The objective of this task is identical to Task 2's but you are asked to use the **cibibike.csv** data set instead of the docking events. The main difference (and challenge) is that both pick-up and drop-off event for each trip is now presented as a single record, thus, the drop-off events are not sorted by their timestamps. You are again asked to do this in a streaming fashion that needs to minimize the amount of memory usage.

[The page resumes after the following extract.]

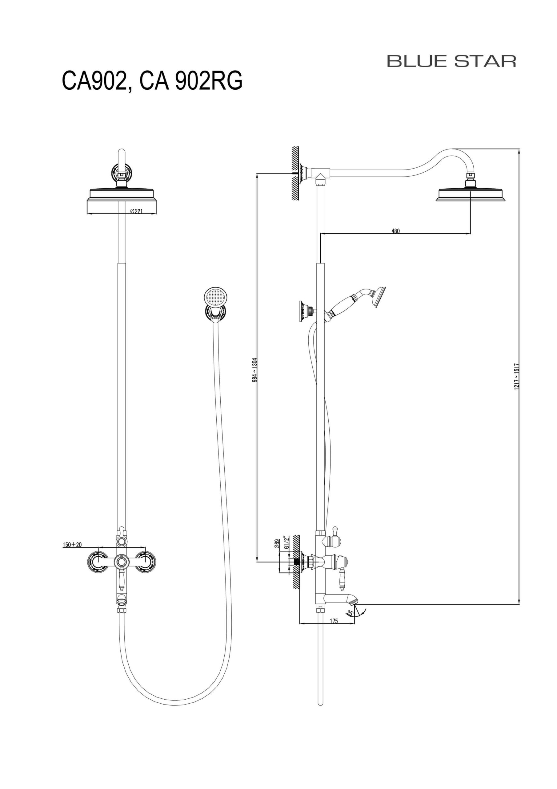 Toote mõõdud: Kõrgus = 1217-1517 mm | Laius = 150 mm | Ülepeaduši läbimõõt = 221 mm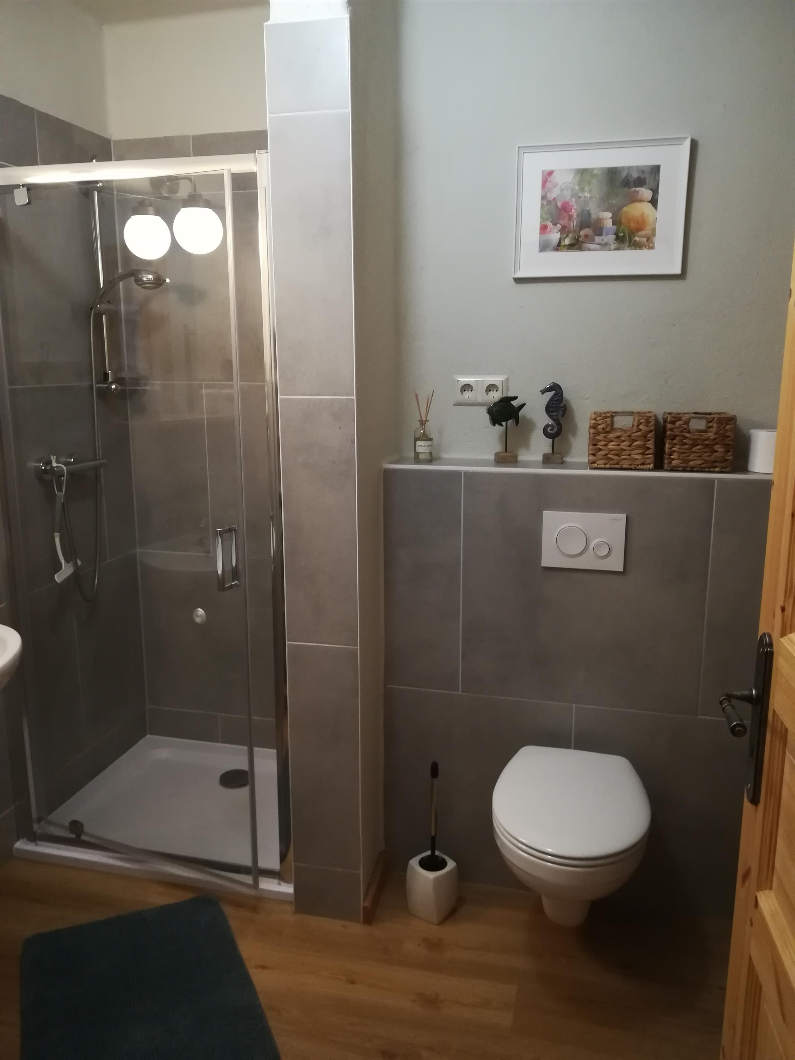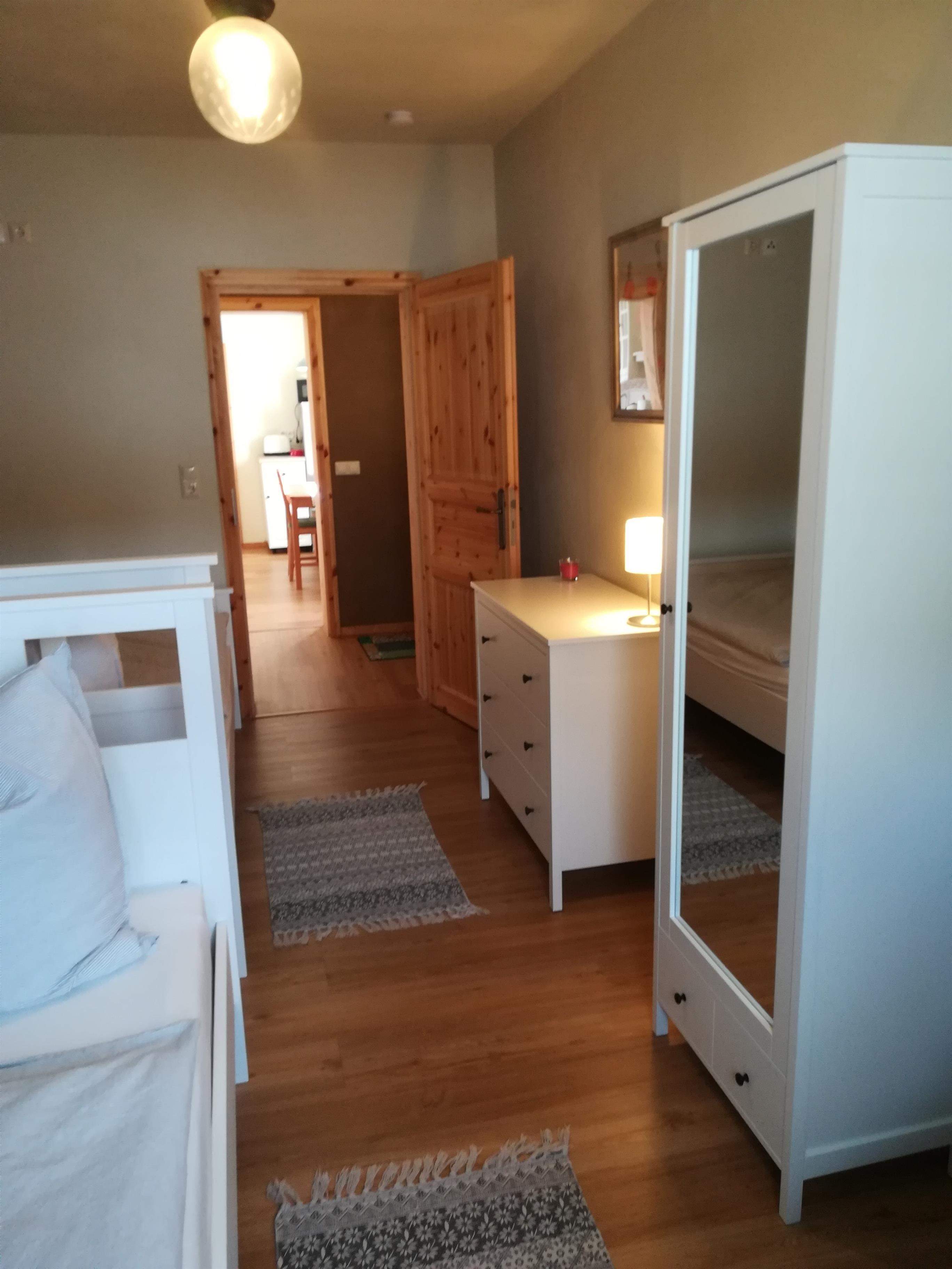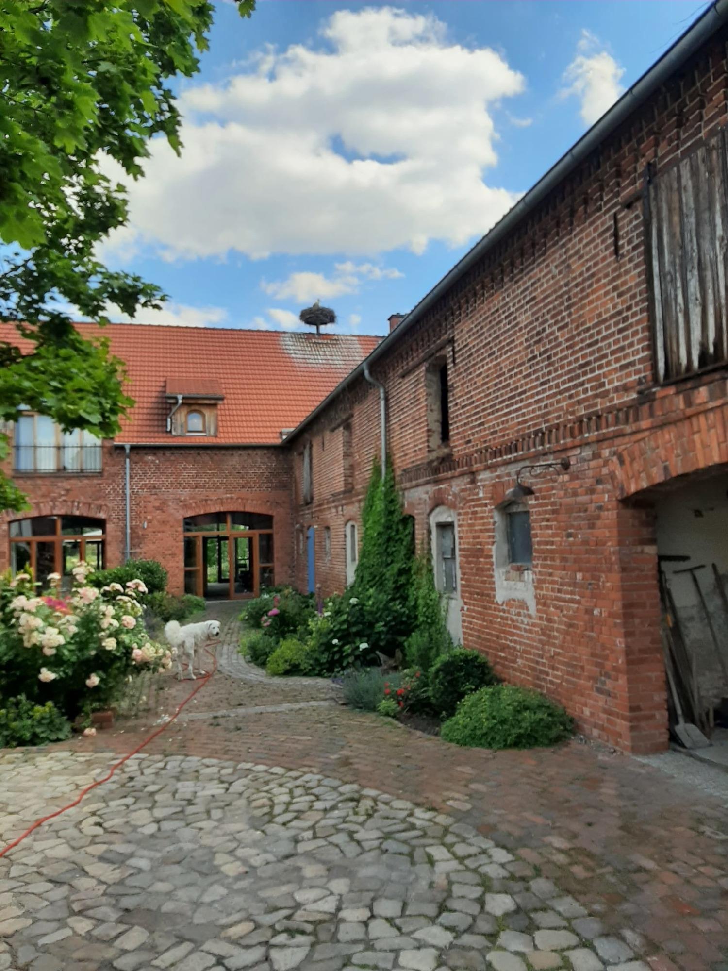 Die 52 qm große Ferienwohnung befindet sich auf einem Vierseitenhof, auf dem wir selbst wohnen, in ruhiger Lage. Die Ferienwohnung verfügt über eine gut ausgestattete Küche mit Esstisch sowie einem Bad, einem Wohn-/Schlafraum mit Doppelbett und einem Schlafzimmer mit zwei Einzelbetten. Nach Bedarf können ein Babyreisebett und eine zusätzliche Schlafliege zur Verfügung gestellt werden. Alle Wände sind mit Lehm verputzt und durch den Anstrich mit einer natürlichen Mineralfarbe gleicht der Putz die Luftfeuchtigkeit aus. Auf der Terrasse mit Sitzgelegenheit können Sie den Tag ausklingen lassen. Auf Wunsch werden ein Grill und Grillkohle bereitgestellt. Von der Ferienwohnung aus haben Sie unser Storchennest gut im Blick. Für Fahrräder haben wir eine Einstellmöglichkeit. Ganz stolz sind wir auf unseren Spielplatz im Dorf, der von unseren kleinen Gästen unbedingt ausprobiert werden sollte.

Please modify the code below accordingly, and also with a brief explaination of the solution.

In [1]:
import csv
import datetime

def csvRows(filename):
    with open(filename, 'r') as fi:
        reader = csv.DictReader(fi)
        for row in reader:
            yield row
                
maxActiveUsers = 0
oldMax = 0
times = [] 

for row in csvRows('citibike.csv'):
    #<YOUR STREAMING CODE HERE>
    oldMax +=1 #once we arrive at a new row oldmax increases by 1 default
    startTime = datetime.datetime.strptime(row["starttime"], '%Y-%m-%d %H:%M:%S+%f')
    stopTime = datetime.datetime.strptime(row["stoptime"], '%Y-%m-%d %H:%M:%S+%f')
    tempTime = stopTime
    
    times.append(stopTime) #Times holds the stopTime of every row
    
    for objects in times: #This loop finds whether there is a match (or if startTime is greater) and . . .
        if startTime>=objects:
            times.remove(objects) #. . . removes it from the list
            oldMax -= 1 #updates the max once a match is found

    if oldMax >= maxActiveUsers: #update maximum number of users if oldmax is greater than maxActiveUsers 
        maxActiveUsers=oldMax 
    
print maxActiveUsers


250


#### RATIONALE AND JUSTIFICATION

*Please explain your solution here*

Since every row has a 'starttime' and 'stoptime' column it becomes a tedious task to find the maxActiveUsers for any point in time. My approach for this problem is to simly create a list called 'times'. As we stream through every row I simply add the row's 'stoptime' to the list 'times'. As we move down through the data -- if at any point the row's 'starttime' is equal to any of the elements in the list 'times' then that tells me that I have reached the maximum of active users thus far. The 'times' is never larger than 250 elements and iteration through that manny elements is not a time consuming task.